Francesco Rutelli and Antiquities

This is an appropriate moment to pay tribute to Francesco Rutelli, the out-going Italian Minister for Culture.

He came into post in May 2006 and his name was quickly associated with the fight to combat the looting of Etruscan cemeteries.
  • "The Tomb of the Roaring Lions" at Veio (June 2006). Rutelli: "Sometimes the smugglers arrive before the archaeologists, but luckily they could not remove the frescoes" ("Suspected tomb raider leads archaeologists to frescoed Etruscan tomb near Rome", AP, June 16, 2006).
Within a month he was negotiating with the J. Paul Getty Museum:
  • Rutelli: "When I talk about cooperation, it is also to give the new Getty management the opportunity to show they want to close an era" (Elisabetta Povoledo, "Italy Calls Its Talks With Getty Productive", New York Times, June 20, 2006).
In September 2006 thirteen antiquities were returned from Boston, and the Getty returned forty pieces to Italy in November 2006 and August 2007. The results of these negotiations went on display in the the first of two exhibitions, "Nostoi", of returned antiquities in Rome, December 2007. These were supplemented in January 2008 by ten items from New York collector Shelby White.

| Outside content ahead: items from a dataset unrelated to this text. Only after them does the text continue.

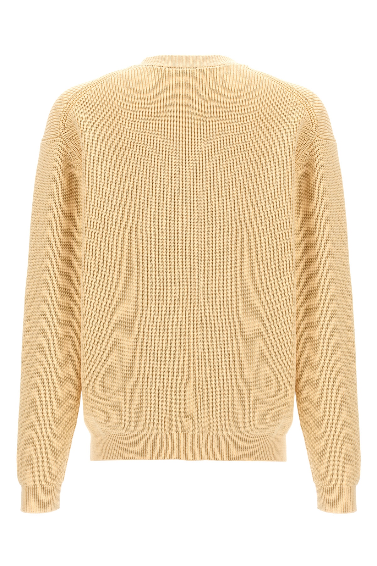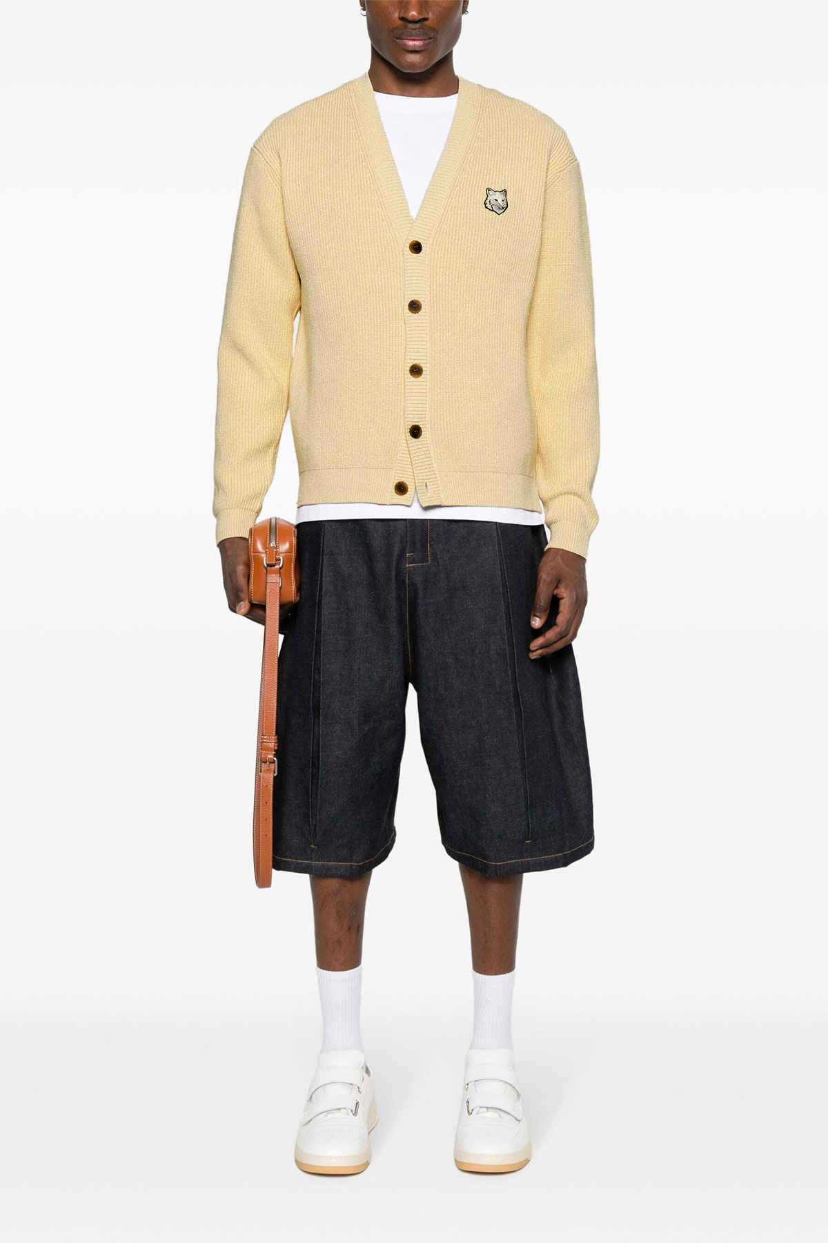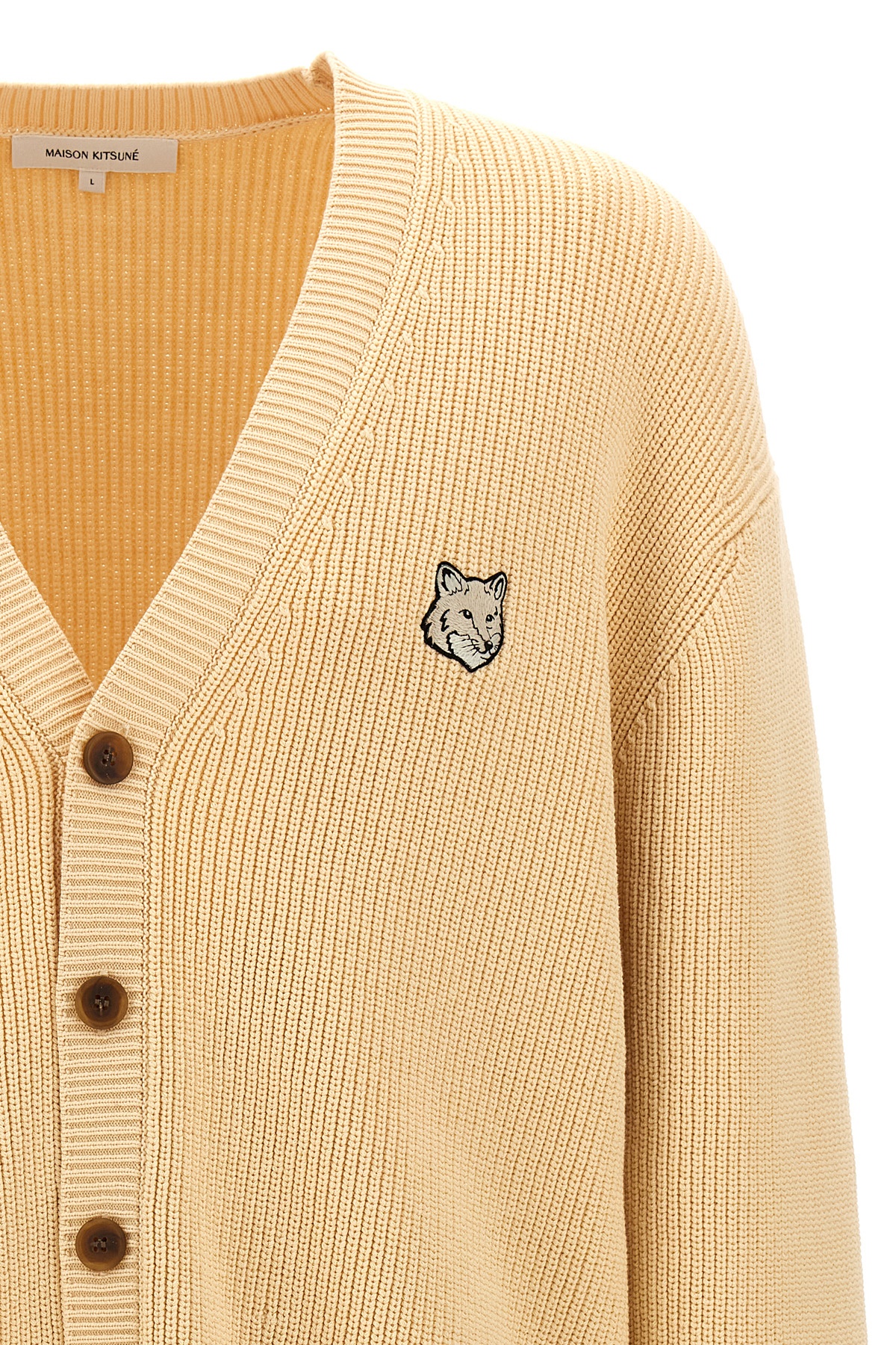 'Bold Fox Head' cotton blend knit cardigan with front patch, button closure, long cuffed sleeves.
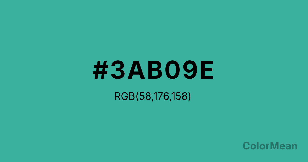 Keppel (#3AB09E) RGB value is (58, 176, 158). The hex color red value is 58, green is 176, and blue is 158. Its HSL format shows a hue of 171°, saturation of 50 percent, and lightness of 46 percent. The CMYK process values are 67 percent, 0 percent, 10 percent, 31 percent.
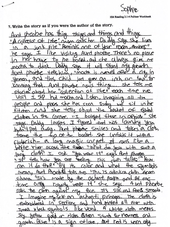 Comment: Sophie’s story writing about Talking cloth shows her effort and interest in the story. She used the learned words and expressions freely and thoroughly to express the story line. Excellent job, Sophie

But the highlight was the triumphal return in January 2008 of the Sarpedon krater from the Metropolitan Museum of Art in New York.

One of the exit routes for antiquities looted from Italy has been Switzerland. A new deal was signed between Italy and Switzerland in October 2006 and Rutelli made the point, "Traffickers will have to go somewhere else" (Ariel David, "Italy and Switzerland sign deal to combat antiquities trafficking", AP, October 20, 2006).

But Rutelli was interested in the international market and he ensured that Italy returned looted antiquities to Pakistan (June 2007) and Iran (November 2007).

Rutelli's forceful, yet gracious, discussions with museum directors have highlighted the problems associated with acquiring recently surfaced antiquities. Curators have started to take the due diligence process a little more seriously in the light of his campaign.